▶ Instructions for the task
In the data below, one line contains "команди Save as." and a later one contains "捐赠仪式上,张崇和会长为敦煌". Print both, with every line between them, exactly and alone.

▶ Information
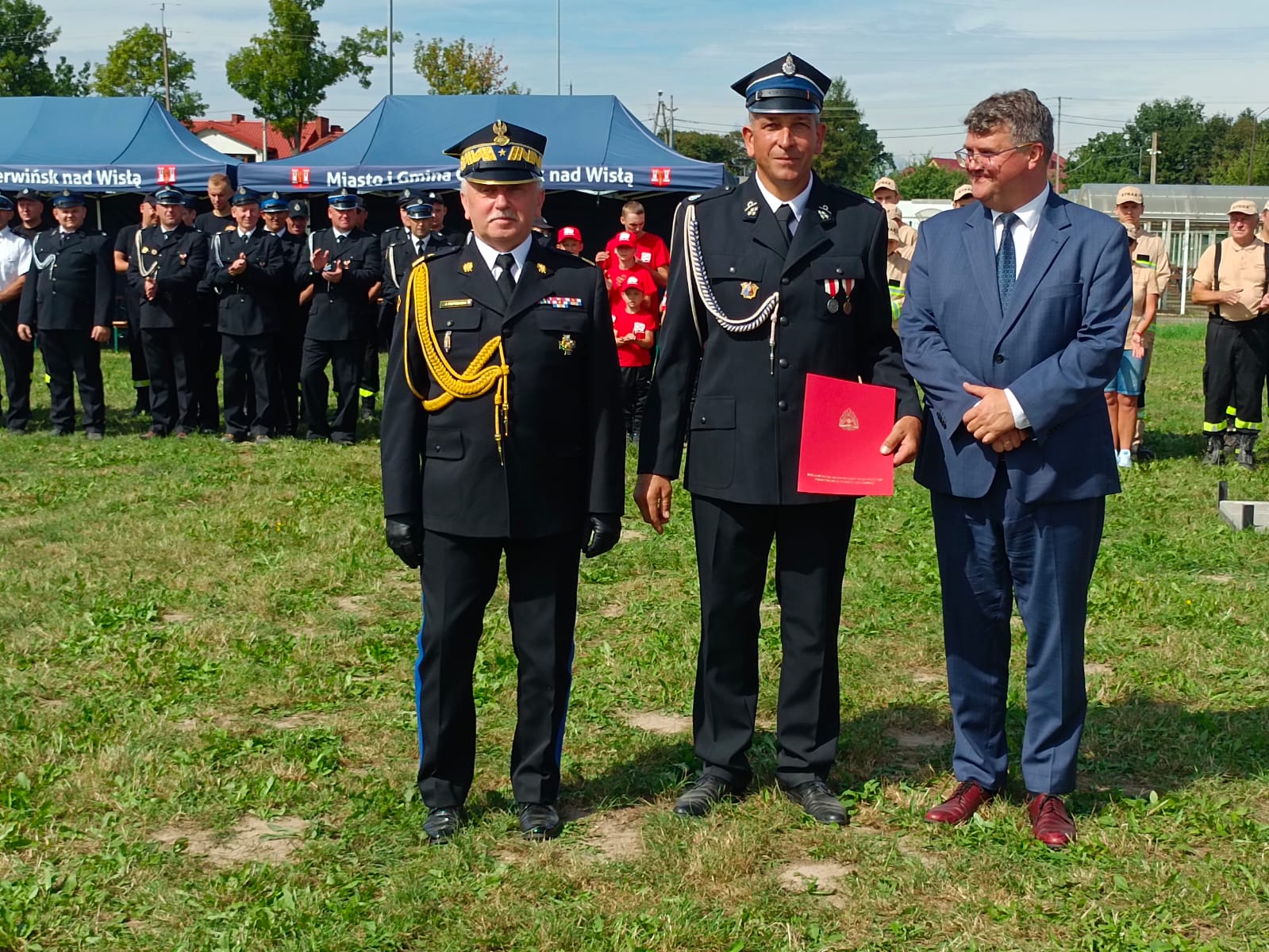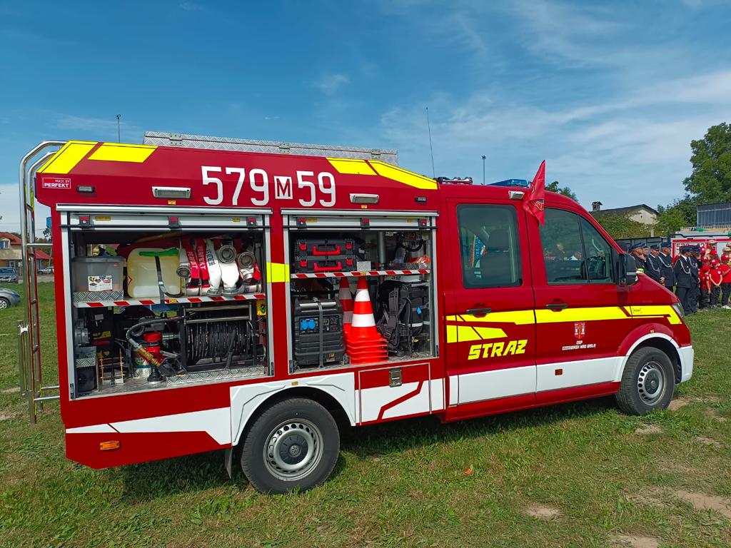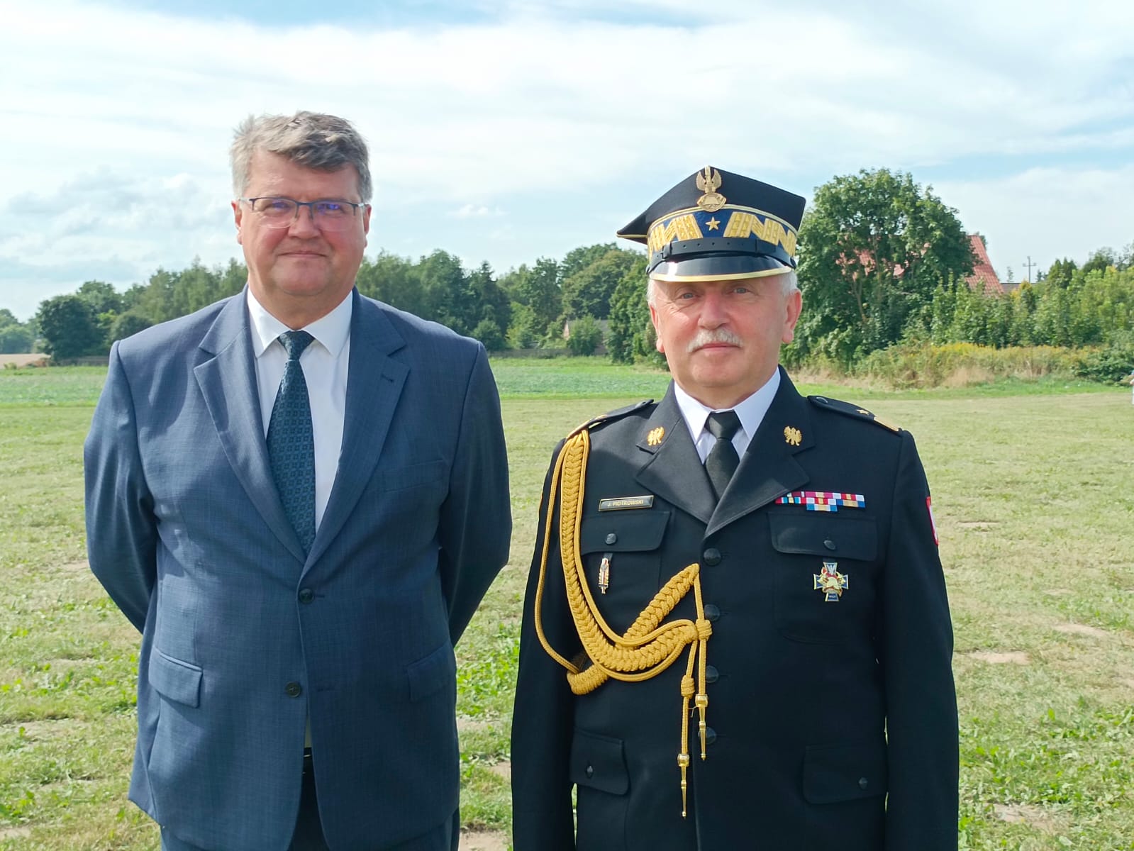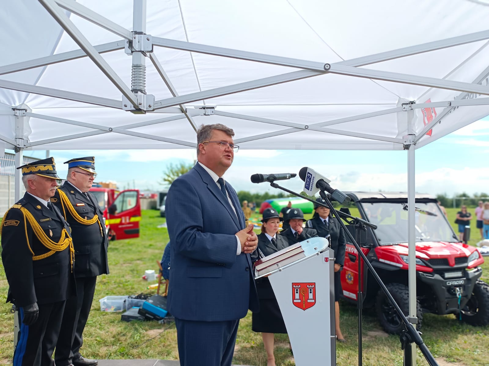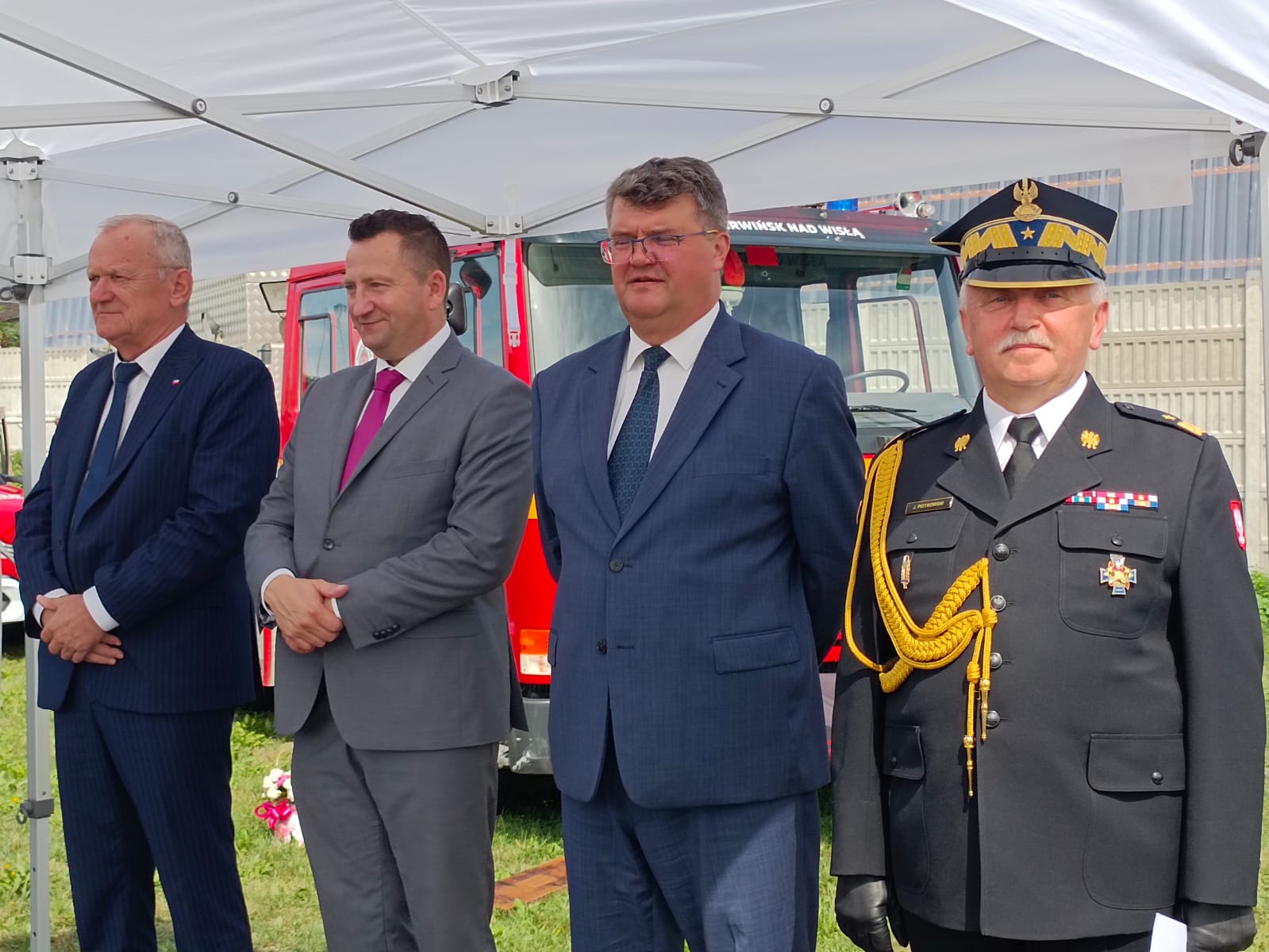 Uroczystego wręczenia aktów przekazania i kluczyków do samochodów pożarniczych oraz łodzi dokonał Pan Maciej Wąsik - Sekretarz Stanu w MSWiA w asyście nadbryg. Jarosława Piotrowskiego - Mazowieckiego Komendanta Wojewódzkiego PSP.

...

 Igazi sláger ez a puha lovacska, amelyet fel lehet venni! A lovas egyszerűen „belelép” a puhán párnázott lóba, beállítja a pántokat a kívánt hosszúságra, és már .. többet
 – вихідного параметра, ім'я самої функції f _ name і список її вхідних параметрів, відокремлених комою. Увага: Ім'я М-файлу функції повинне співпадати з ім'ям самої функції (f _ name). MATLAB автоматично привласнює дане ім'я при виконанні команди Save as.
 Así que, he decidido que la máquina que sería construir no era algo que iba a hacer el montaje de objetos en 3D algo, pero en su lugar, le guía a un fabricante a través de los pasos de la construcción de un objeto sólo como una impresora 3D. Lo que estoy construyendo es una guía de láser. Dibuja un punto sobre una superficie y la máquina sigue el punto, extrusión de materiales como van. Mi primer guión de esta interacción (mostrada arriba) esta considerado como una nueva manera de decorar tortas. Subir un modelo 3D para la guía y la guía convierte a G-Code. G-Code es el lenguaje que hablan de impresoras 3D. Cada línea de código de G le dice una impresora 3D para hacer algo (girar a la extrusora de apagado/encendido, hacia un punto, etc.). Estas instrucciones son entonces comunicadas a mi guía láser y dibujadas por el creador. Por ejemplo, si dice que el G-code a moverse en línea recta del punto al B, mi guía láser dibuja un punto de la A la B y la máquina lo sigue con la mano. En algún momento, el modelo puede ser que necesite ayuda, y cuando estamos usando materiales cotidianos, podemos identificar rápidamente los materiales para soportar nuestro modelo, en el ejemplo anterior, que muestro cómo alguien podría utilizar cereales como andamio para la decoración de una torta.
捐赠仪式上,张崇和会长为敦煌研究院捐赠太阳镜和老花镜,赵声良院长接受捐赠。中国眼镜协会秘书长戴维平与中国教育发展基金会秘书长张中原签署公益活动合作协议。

▶ Task answer
 – вихідного параметра, ім'я самої функції f _ name і список її вхідних параметрів, відокремлених комою. Увага: Ім'я М-файлу функції повинне співпадати з ім'ям самої функції (f _ name). MATLAB автоматично привласнює дане ім'я при виконанні команди Save as.
 Así que, he decidido que la máquina que sería construir no era algo que iba a hacer el montaje de objetos en 3D algo, pero en su lugar, le guía a un fabricante a través de los pasos de la construcción de un objeto sólo como una impresora 3D. Lo que estoy construyendo es una guía de láser. Dibuja un punto sobre una superficie y la máquina sigue el punto, extrusión de materiales como van. Mi primer guión de esta interacción (mostrada arriba) esta considerado como una nueva manera de decorar tortas. Subir un modelo 3D para la guía y la guía convierte a G-Code. G-Code es el lenguaje que hablan de impresoras 3D. Cada línea de código de G le dice una impresora 3D para hacer algo (girar a la extrusora de apagado/encendido, hacia un punto, etc.). Estas instrucciones son entonces comunicadas a mi guía láser y dibujadas por el creador. Por ejemplo, si dice que el G-code a moverse en línea recta del punto al B, mi guía láser dibuja un punto de la A la B y la máquina lo sigue con la mano. En algún momento, el modelo puede ser que necesite ayuda, y cuando estamos usando materiales cotidianos, podemos identificar rápidamente los materiales para soportar nuestro modelo, en el ejemplo anterior, que muestro cómo alguien podría utilizar cereales como andamio para la decoración de una torta.
捐赠仪式上,张崇和会长为敦煌研究院捐赠太阳镜和老花镜,赵声良院长接受捐赠。中国眼镜协会秘书长戴维平与中国教育发展基金会秘书长张中原签署公益活动合作协议。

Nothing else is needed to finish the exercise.